Mr. Bellamy set his shotgun on the table, but not out of sight. That was interesting, too. “It’s all right,” he told Mr. Neville. “That’d be Ollie Wannamaker, or maybe Chief Davis. Put the pistol away, Marvin, nobody’s going to draw down on you.”
“What if it was a Sheriff’s car?” I asked.
“Then we’d be concerned. Hauptmann is no friend of yours, Vereen.”
Well, he had that right. I walked into the cluttered living room and looked out the front window. At least I felt better on my feet. It was almost dark now. I wondered how, or if, I was going to get to work tomorrow. I could always call in sick, if the Bellamys had a telephone.
Which they didn’t.
I watched the black-and-white Augusta police car park next to the old Ford with the blown-out window, courtesy of my little adventure today. The cruiser was a 1941 Chevrolet Deluxe that had been stretched through the war years like everything else.

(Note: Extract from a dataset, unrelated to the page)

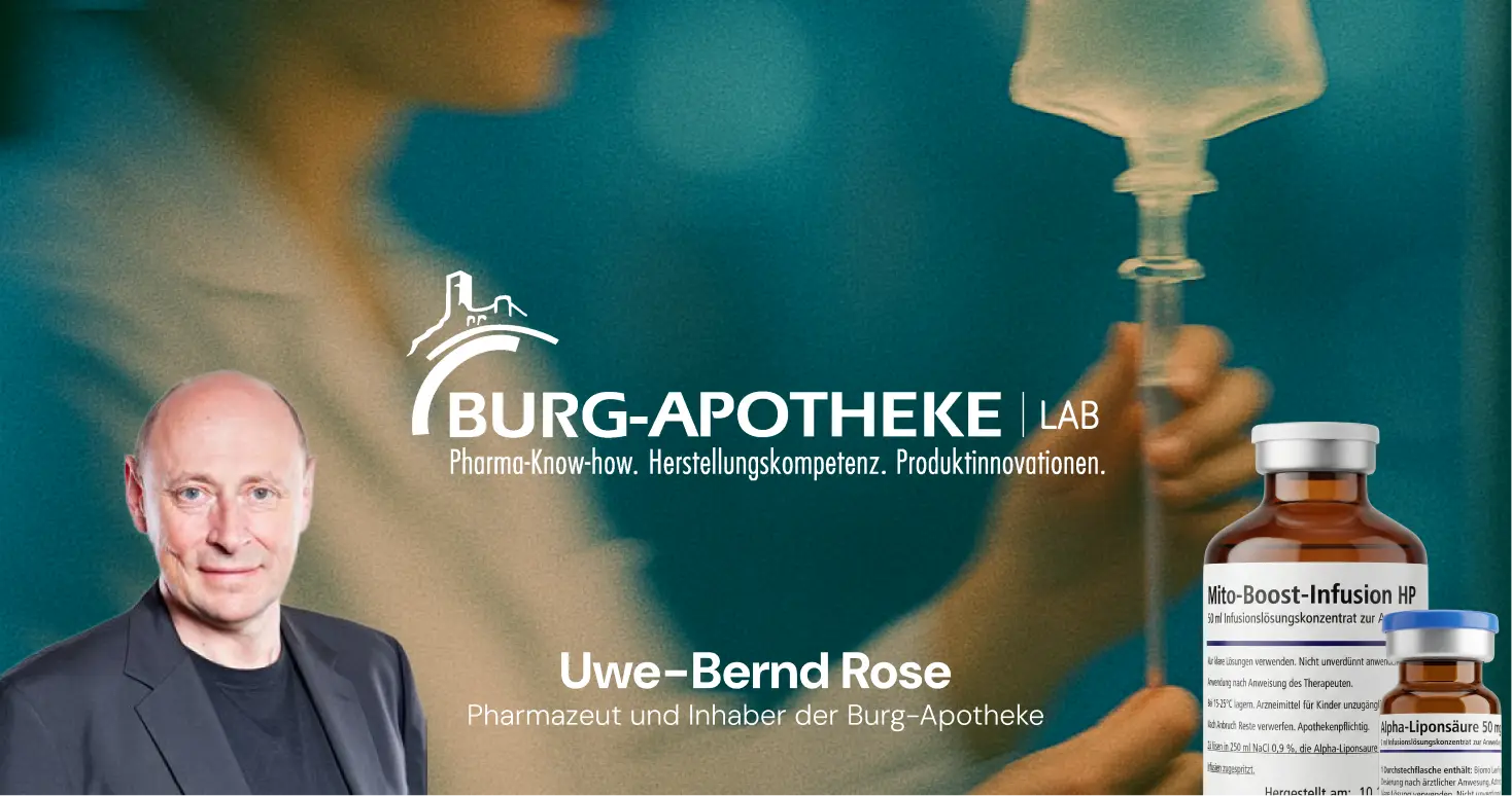 Mit der Burg-Apotheke als Partner entwickeln wir neuartige Infusionsanwendungen, die exklusiv für unsere Teilnehmer erhältlich sind. Gemeinsam bieten wir Ihnen eine einzigartige Kombination aus medizinischer Informationsvermittlung und innovativen Infusionslösungen – individuell entwickelt für Ihre Praxis oder Klinik.

Ollie Wannamaker got out slowly and looked up at the roof of Mr. Bellamy’s house, somewhere above my head. I guessed he was looking at Mr. Garrett.
“I don’t got no weapons!” Ollie yelled, holding out both hands to show they were empty. He didn’t have his holster on.
Mr. Bellamy walked past me, out on to the porch. “Why don’t you come in and have some coffee, Ollie?”
Ollie walked slowly up to the porch and climbed the stairs. He followed Mr. Bellamy back into the house, then stopped to look me over. “I kind of thought you’d be here, Vernon.” Ollie seemed sad.
We walked into the dining room. The shotgun was still on the table, Mr. Neville sitting near it with his mouth set in a narrow line. Mr. Bellamy picked up the weapon and laid it in his lap as he sat down.
I didn’t understand the power here. Ollie didn’t have any jurisdiction out of town, but a cop was a cop. Mr. Bellamy was threatening him in a way that Ollie didn’t have to notice, officially speaking — something it never would have occurred to me to do. Mr. Bellamy waved Ollie and me to sit down before turning to his son. “Why don’t you go get us some coffee, Floyd?”
All the guns were making me nervous, and I wasn’t the one on the receiving end of their attention. I had to give Ollie credit for what he said next. “Don’t think you need to be armed here inside your own home, Mr. Bellamy.”
“Been a lot of shooting in Butler County lately, Officer Wannamaker.”
“I see,” said Ollie.
There was an uncomfortable silence. After a long minute, I spoke up. “What brings you out here?”
“I was thinking you might be here, Vernon. We need to talk.”
Once again, it was about me. I glanced around the table. None of the men with guns were going to let me talk to Ollie alone, I could see that.
“What’s up?” I asked, wishing that Ollie could whisper secretly in my ear just like the computational rocket did.